Exercise description:
Return, verbatim and in full, the records that follow, but not their pictures.

Supplied material:

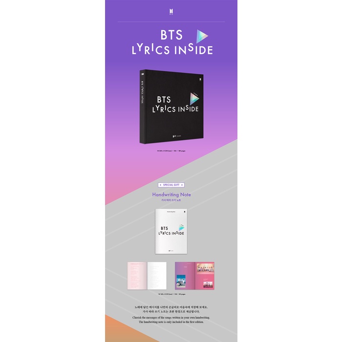 Uploaded : 22/06/29 RELEASED DATE Aug. 20, 2022 COMPONENTS ┗ 📘 BTS - LYRICS INSIDE 📖 BOOK: 240*250mm | 180p 📖 HANDWRITING NOTE: 148*210mm | 80p 📖 10 SONGS 📖 SING ALONG AS YOU FAN-CHANT 📖 AT THE CONCERT & SULTURE IN BTS SONGS #BTS #JIN #SUGA #J-HOPE #RM #JIMIN #V #JUNGKOOK
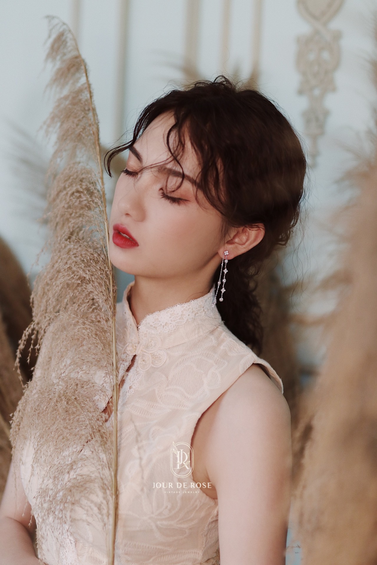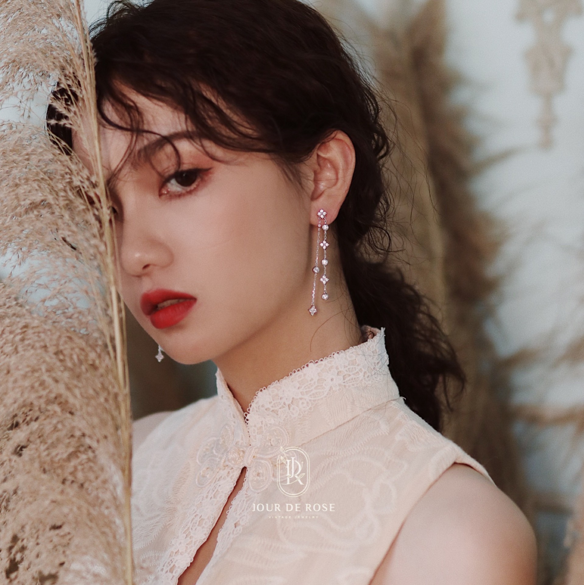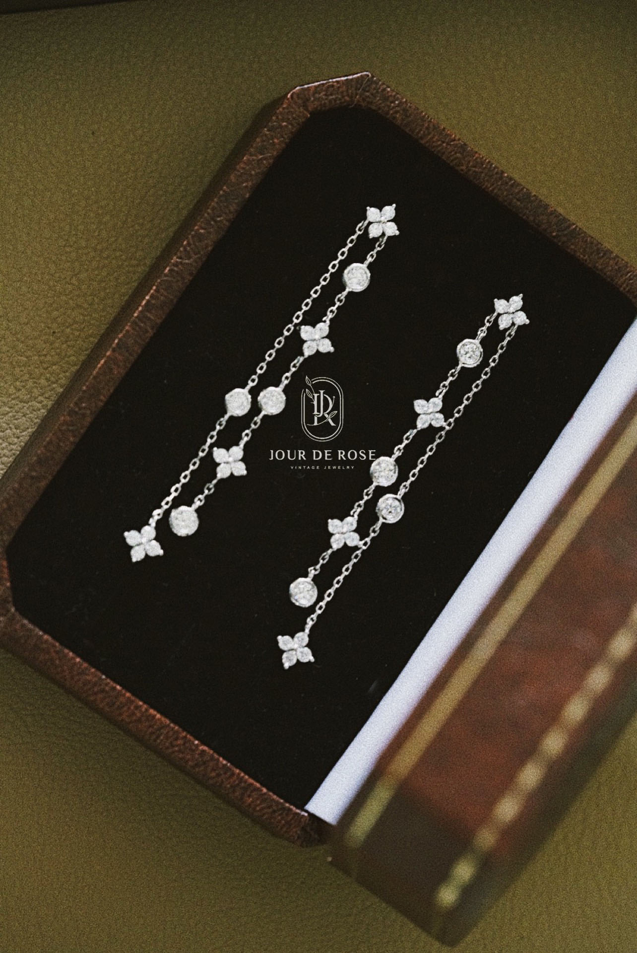 "Fourteen Lines" original design Earrings Vintage banquet jewelry Stud earrings Earrings appear thin 925 silver
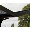 - The aluminum frame is made of strong, rust-resistant, coated metal and includes integrated rain gutters to redirect rainwater
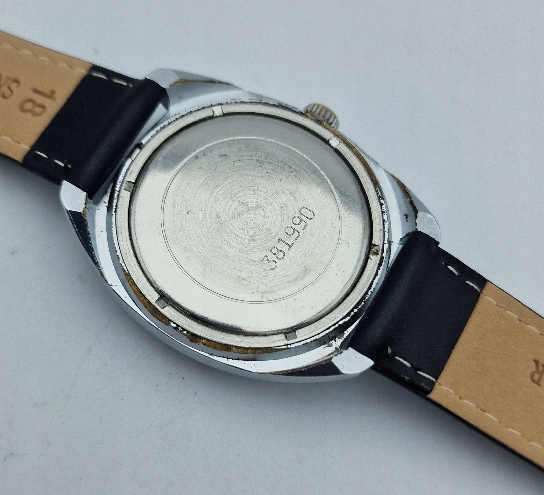 - Дивіться діаметр 3,7 см без шнурків та ременів. Висота з ручками 4,4 см. Новий чорний пояс, виготовлений з натуральної шкіри. Годинник насправді виглядає набагато краще. Я запрошую вас на аукціон.
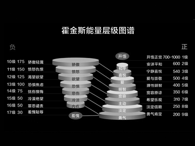 | “霍金斯能量层级图谱”,是由美国著名心理学家、精神医学博士、哲学博士大卫·霍金斯通过实验研究以及20年的临床实验,发现人类各种不同的意识层次都有其相应的能量指数,并且将这些能量指数大致划分了17级。 |
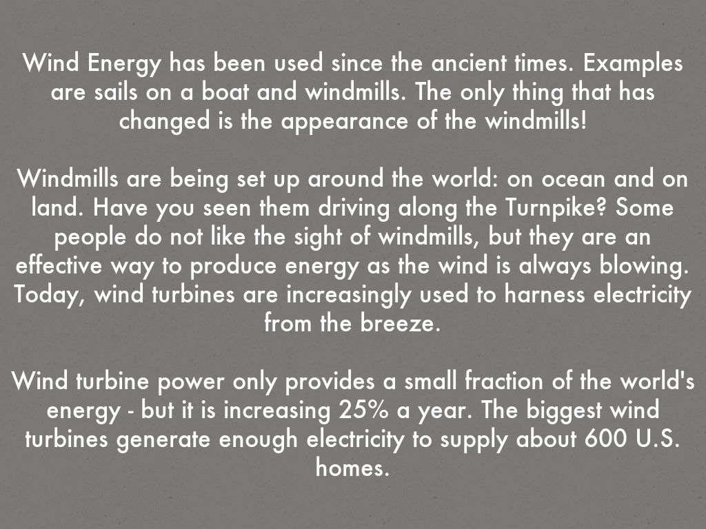 Wind Energy has been used since the ancient times. Examples are sails on a boat and windmills. The only thing that has changed is the appearance of the windmills!
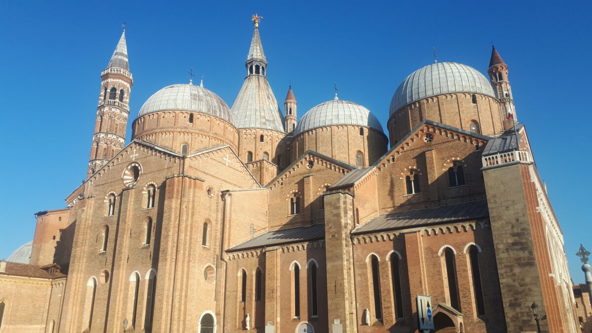 Bazylika św. Antonio [tego od zguby] to miejsce kultu, cel pielgrzymek wiernych z całego świata. Ten majestatyczny budynek zasługuje jednak na wizytę przede wszystkim ze względu na obecność wielu arcydzieł sztuki włoskiej. Nie musimy znać wszystkich nazwisk, ale i tak patrząc wiemy, że były one tworzone przez wspaniałych, utalentowanych architektów i artystów.To co rzuca się nam w oczy to współistnienie różnych dzieł sztuki: romańska fasada, gotycki ambulatorium z siedmioma kaplicami, bizantyjskie kopuły i mauretańskie dzwonnice. Wewnątrz, począwszy od prawej, kaplica Gattamelata i freski San Giacomo z 1300 r. autorstwa Andriolo de Santi, jednego z największych weneckich architektów i rzeźbiarzy tamtych czasów. Kaplica ukrzyżowania to dzieło wielkiego Giotto. Na nas największe wrażenie zrobiło przepiękne sklepienie, można było się na nie patrzeć w zachwycie bez przerwy. Równie duże wrażenie robi ściana całkiem pokaźnych rozmiarów ze zdjęciami zaginionych bliskich i prośbami do świętego o pomoc w ich odnalezieniu. Bez względu czy jesteśmy wierzący czy nie, nikogo to miejsce nie pozostawia obojętnym.
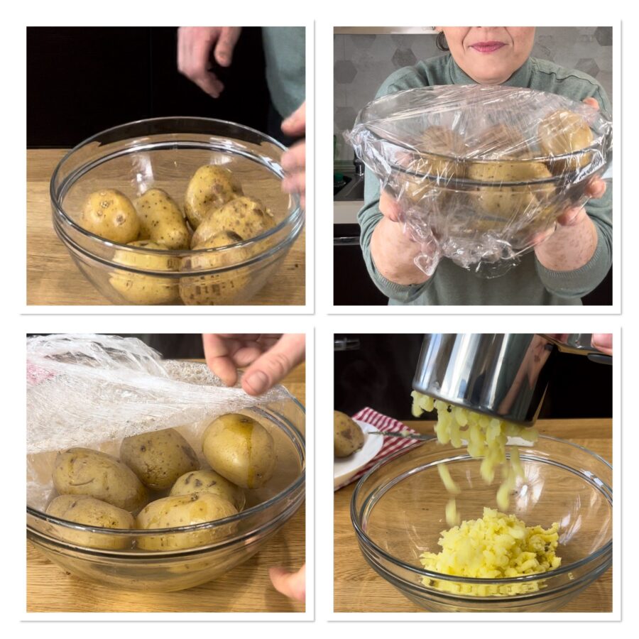 Faites cuire les pommes de terre : vous pouvez les faire bouillir 35-40 minutes dans de l’eau bouillante, ou jusqu’à ce qu’en les piquant à la fourchette elles soient tendres, ou bien les cuire à la vapeur pendant 20 minutes au micro-ondes dans un bol couvert de film étirable ou dans une vapeur cuiseur.
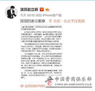 “赵立新道歉”随即登上微博热搜榜,引发新一轮热议。
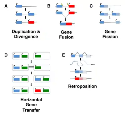 Novel genes can be formed from ancestral genes through a variety of mechanisms.[1] (A) Duplication and divergence. Following duplication, one copy experiences relaxed selection and gradually acquires novel function(s). (B) Gene fusion. A hybrid gene formed from some or all of two previously separate genes. Gene fusions can occur by different mechanisms; shown here is an interstitial deletion. (C) Gene fission. A single gene separates to form two distinct genes, such as by duplication and differential degeneration of the two copies.[2] (D) Horizontal gene transfer. Genes acquired from other species by horizontal transfer undergo divergence and neofunctionalization. (E) Retroposition. Transcripts may be reverse transcribed and integrated as an intronless gene elsewhere in the genome. This new gene may then undergo divergence.
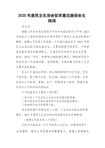 各位同志,今天我们召开座谈会,旨在广泛听取意见,希望大家畅所欲言,共同促进民主生活会质量提升,有何建议?下面是小编为您整理的2025年度民主生活会征求意见座谈会主持词范例,仅供参考,希望对您有所帮助。
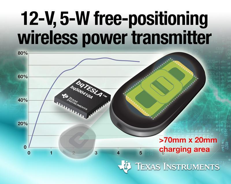 除接收器外,TI bq500410A 是首款符合 WPC 1.1 標準并支持 A6 發送器的無線電源傳輸控制器。該控制器有助于符合 Qi 標準的智能手機或其它便攜式設備在至少 70 毫米 x 20 毫米的表面面積上充電,與當前 18 毫米 x 18 毫米的“靶心式”充電面積相比,擴大了 400%。bq500410A 不但可實現超過 70% 的效率,而且還采用獨特寄生金屬及外來對象檢測特性為系統提供安全保護,如果在發送器和接收器之間檢測到金屬物質,就會停止輸電。
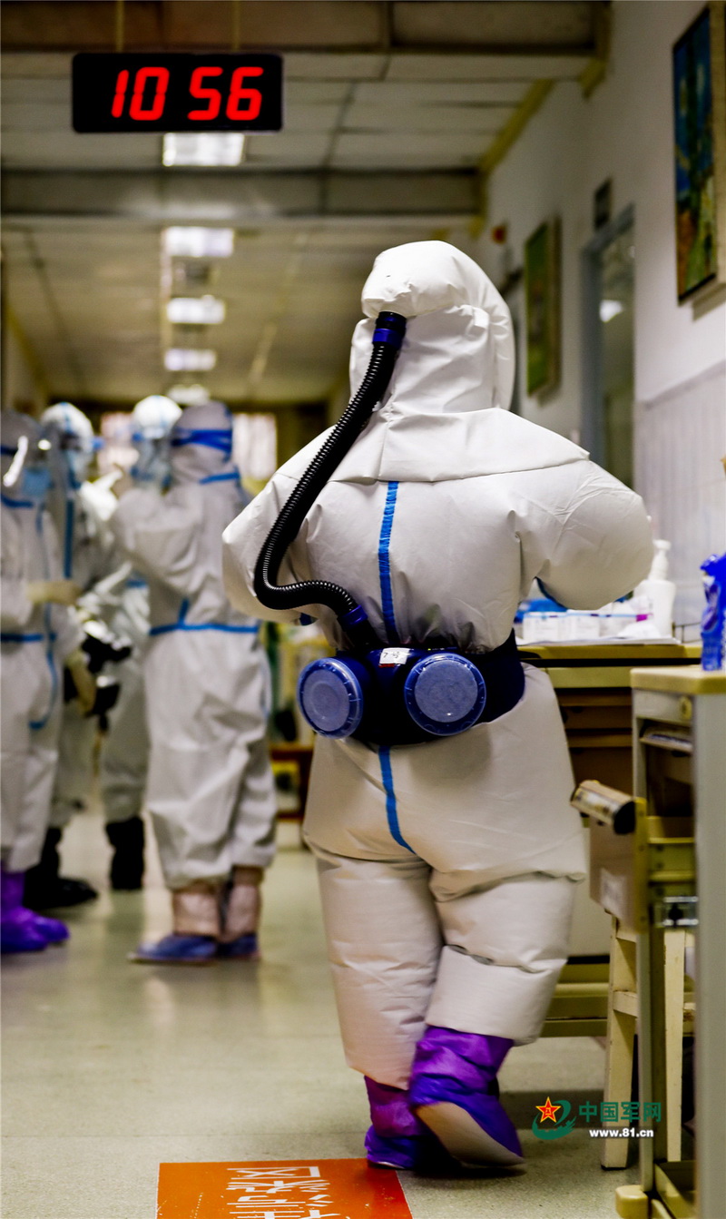 2月15日,中部戰區總醫院感染科病房內,醫護人員穿著正壓面罩正在走向搶救室,搶救重癥患者。王皓宇攝
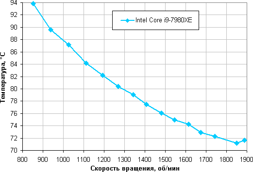 При КЗ = 35% (примерно 940 об/мин) в данных условиях кулер уже не справляется с охлаждением процессора Intel Core i9-7980XE, так как температура отдельных ядер достигает 95 °C (максимальная температура, допустимая на кристалле процессора, равна 94 °C).
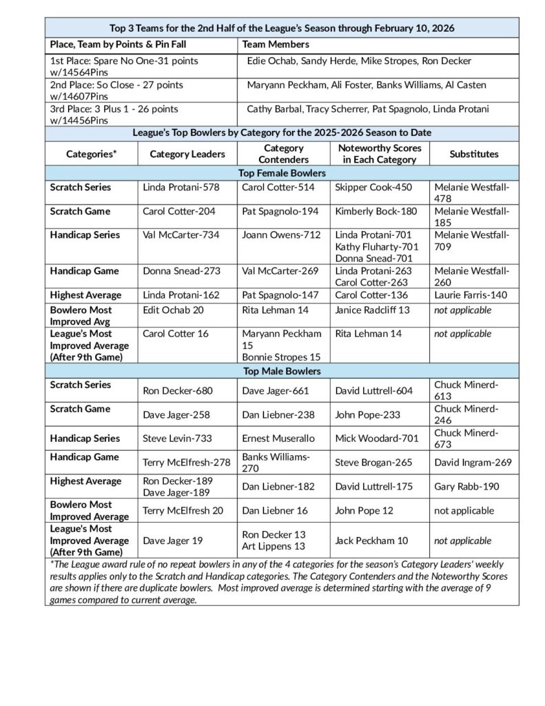 Here are the results of the Herons Glen Mixed Bowling League through February 10, 2026. The team of Spare No One continued their winning ways and is currently leading the League after having won the 1st half of the season.
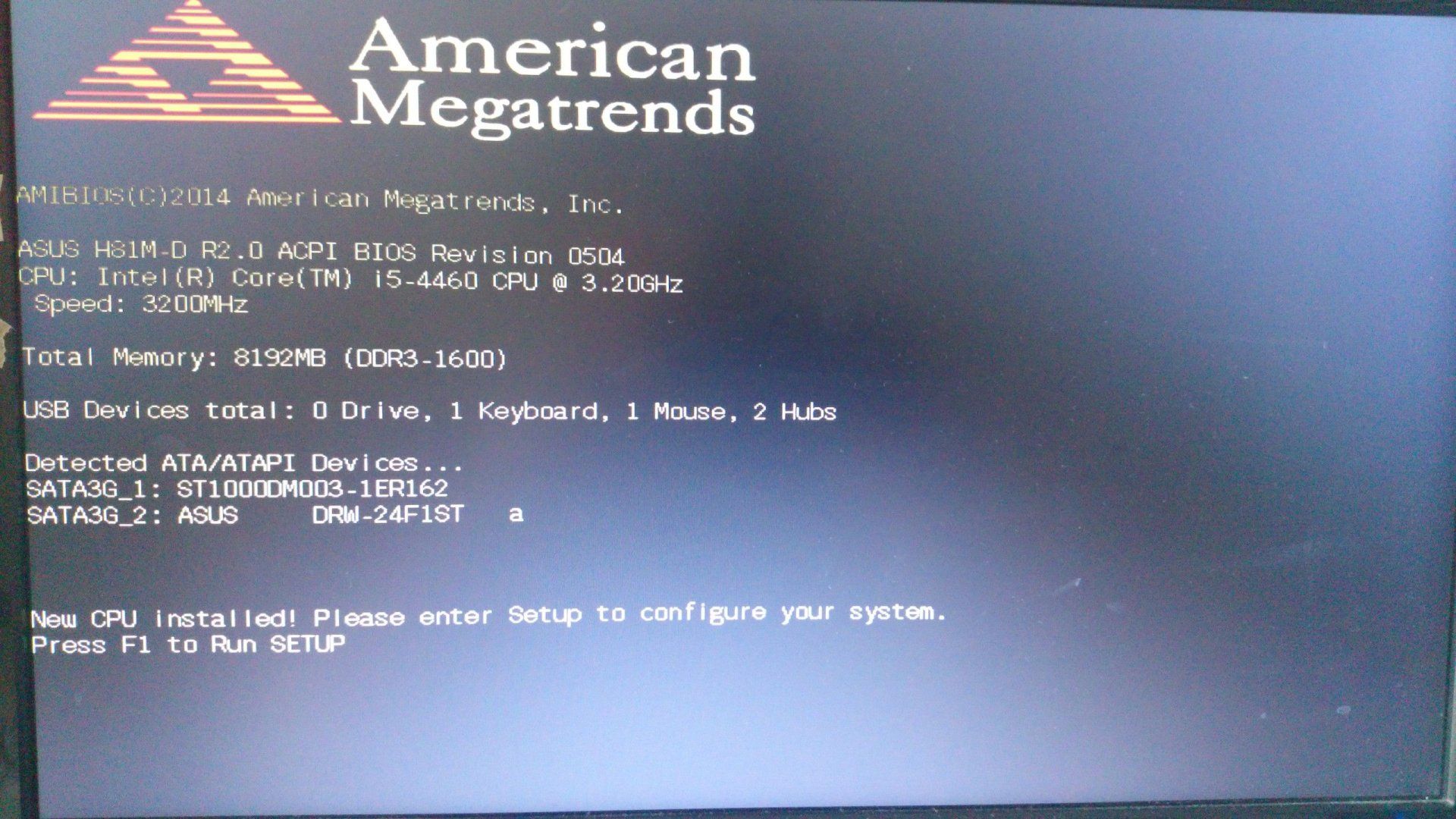 i5 4460 PC temizlik sonrası New CPU installed! Please enter setup to configure your System yazısı çıktı
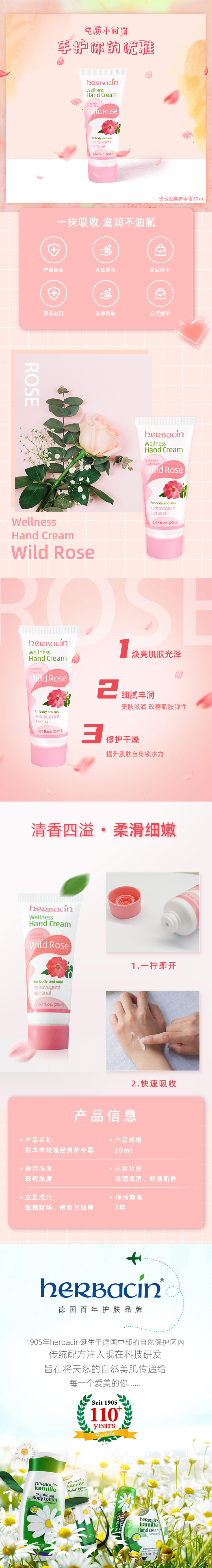德国小甘菊Herbacin贺本清玫瑰护手霜20ml秋冬滋润
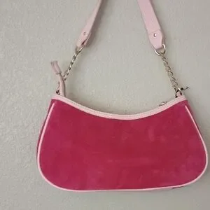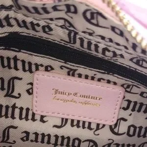 Elegant Juicy Couture shoulder bag in pink. Features gold chain strap and crown embroidery. Includes heart charm detail.
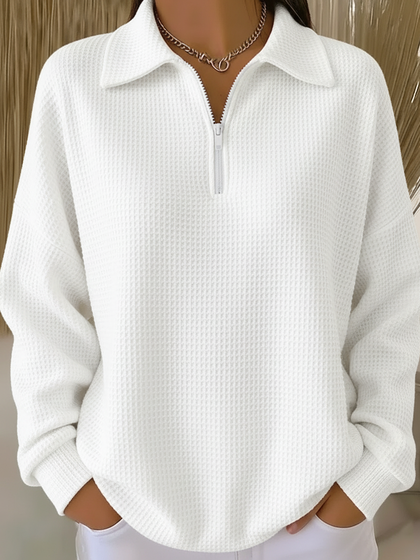 Women's Casual Polo Zipper Waffle Top Sweatshirt
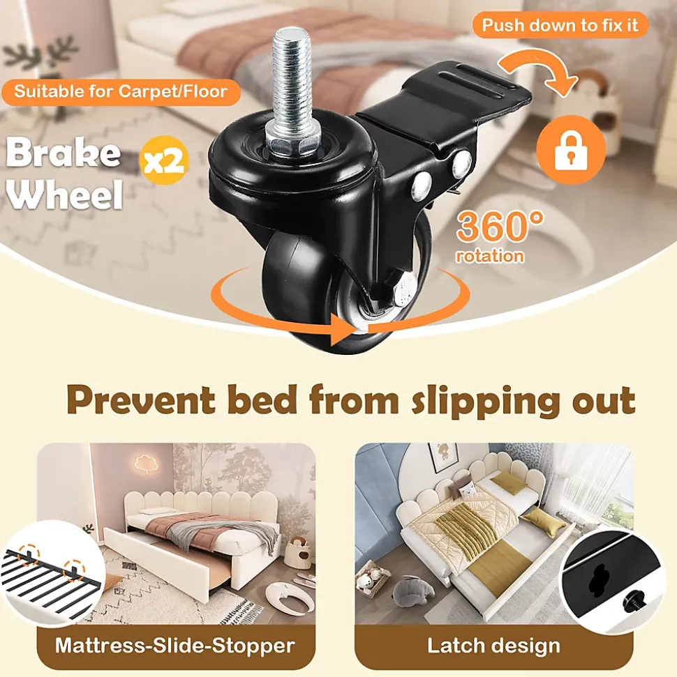 - 【Sécurité et Fixation Pratiques】 Des attaches latérales maintiennent le lit principal lorsqu’il n’est pas utilisé, tandis que les roulettes du lit gigogne, dont certaines avec freins, garantissent stabilité et sécurité, assurant un environnement de sommeil sûr.

Your response:
 Uploaded : 22/06/29 RELEASED DATE Aug. 20, 2022 COMPONENTS ┗ 📘 BTS - LYRICS INSIDE 📖 BOOK: 240*250mm | 180p 📖 HANDWRITING NOTE: 148*210mm | 80p 📖 10 SONGS 📖 SING ALONG AS YOU FAN-CHANT 📖 AT THE CONCERT & SULTURE IN BTS SONGS #BTS #JIN #SUGA #J-HOPE #RM #JIMIN #V #JUNGKOOK
 "Fourteen Lines" original design Earrings Vintage banquet jewelry Stud earrings Earrings appear thin 925 silver
 - The aluminum frame is made of strong, rust-resistant, coated metal and includes integrated rain gutters to redirect rainwater
 - Дивіться діаметр 3,7 см без шнурків та ременів. Висота з ручками 4,4 см. Новий чорний пояс, виготовлений з натуральної шкіри. Годинник насправді виглядає набагато краще. Я запрошую вас на аукціон.
 | “霍金斯能量层级图谱”,是由美国著名心理学家、精神医学博士、哲学博士大卫·霍金斯通过实验研究以及20年的临床实验,发现人类各种不同的意识层次都有其相应的能量指数,并且将这些能量指数大致划分了17级。 |
 Wind Energy has been used since the ancient times. Examples are sails on a boat and windmills. The only thing that has changed is the appearance of the windmills!
 Bazylika św. Antonio [tego od zguby] to miejsce kultu, cel pielgrzymek wiernych z całego świata. Ten majestatyczny budynek zasługuje jednak na wizytę przede wszystkim ze względu na obecność wielu arcydzieł sztuki włoskiej. Nie musimy znać wszystkich nazwisk, ale i tak patrząc wiemy, że były one tworzone przez wspaniałych, utalentowanych architektów i artystów.To co rzuca się nam w oczy to współistnienie różnych dzieł sztuki: romańska fasada, gotycki ambulatorium z siedmioma kaplicami, bizantyjskie kopuły i mauretańskie dzwonnice. Wewnątrz, począwszy od prawej, kaplica Gattamelata i freski San Giacomo z 1300 r. autorstwa Andriolo de Santi, jednego z największych weneckich architektów i rzeźbiarzy tamtych czasów. Kaplica ukrzyżowania to dzieło wielkiego Giotto. Na nas największe wrażenie zrobiło przepiękne sklepienie, można było się na nie patrzeć w zachwycie bez przerwy. Równie duże wrażenie robi ściana całkiem pokaźnych rozmiarów ze zdjęciami zaginionych bliskich i prośbami do świętego o pomoc w ich odnalezieniu. Bez względu czy jesteśmy wierzący czy nie, nikogo to miejsce nie pozostawia obojętnym.
 Faites cuire les pommes de terre : vous pouvez les faire bouillir 35-40 minutes dans de l’eau bouillante, ou jusqu’à ce qu’en les piquant à la fourchette elles soient tendres, ou bien les cuire à la vapeur pendant 20 minutes au micro-ondes dans un bol couvert de film étirable ou dans une vapeur cuiseur.
 “赵立新道歉”随即登上微博热搜榜,引发新一轮热议。
 Novel genes can be formed from ancestral genes through a variety of mechanisms.[1] (A) Duplication and divergence. Following duplication, one copy experiences relaxed selection and gradually acquires novel function(s). (B) Gene fusion. A hybrid gene formed from some or all of two previously separate genes. Gene fusions can occur by different mechanisms; shown here is an interstitial deletion. (C) Gene fission. A single gene separates to form two distinct genes, such as by duplication and differential degeneration of the two copies.[2] (D) Horizontal gene transfer. Genes acquired from other species by horizontal transfer undergo divergence and neofunctionalization. (E) Retroposition. Transcripts may be reverse transcribed and integrated as an intronless gene elsewhere in the genome. This new gene may then undergo divergence.
 各位同志,今天我们召开座谈会,旨在广泛听取意见,希望大家畅所欲言,共同促进民主生活会质量提升,有何建议?下面是小编为您整理的2025年度民主生活会征求意见座谈会主持词范例,仅供参考,希望对您有所帮助。
 除接收器外,TI bq500410A 是首款符合 WPC 1.1 標準并支持 A6 發送器的無線電源傳輸控制器。該控制器有助于符合 Qi 標準的智能手機或其它便攜式設備在至少 70 毫米 x 20 毫米的表面面積上充電,與當前 18 毫米 x 18 毫米的“靶心式”充電面積相比,擴大了 400%。bq500410A 不但可實現超過 70% 的效率,而且還采用獨特寄生金屬及外來對象檢測特性為系統提供安全保護,如果在發送器和接收器之間檢測到金屬物質,就會停止輸電。
 2月15日,中部戰區總醫院感染科病房內,醫護人員穿著正壓面罩正在走向搶救室,搶救重癥患者。王皓宇攝
 При КЗ = 35% (примерно 940 об/мин) в данных условиях кулер уже не справляется с охлаждением процессора Intel Core i9-7980XE, так как температура отдельных ядер достигает 95 °C (максимальная температура, допустимая на кристалле процессора, равна 94 °C).
 Here are the results of the Herons Glen Mixed Bowling League through February 10, 2026. The team of Spare No One continued their winning ways and is currently leading the League after having won the 1st half of the season.
 i5 4460 PC temizlik sonrası New CPU installed! Please enter setup to configure your System yazısı çıktı
德国小甘菊Herbacin贺本清玫瑰护手霜20ml秋冬滋润
 Elegant Juicy Couture shoulder bag in pink. Features gold chain strap and crown embroidery. Includes heart charm detail.
 Women's Casual Polo Zipper Waffle Top Sweatshirt
 - 【Sécurité et Fixation Pratiques】 Des attaches latérales maintiennent le lit principal lorsqu’il n’est pas utilisé, tandis que les roulettes du lit gigogne, dont certaines avec freins, garantissent stabilité et sécurité, assurant un environnement de sommeil sûr.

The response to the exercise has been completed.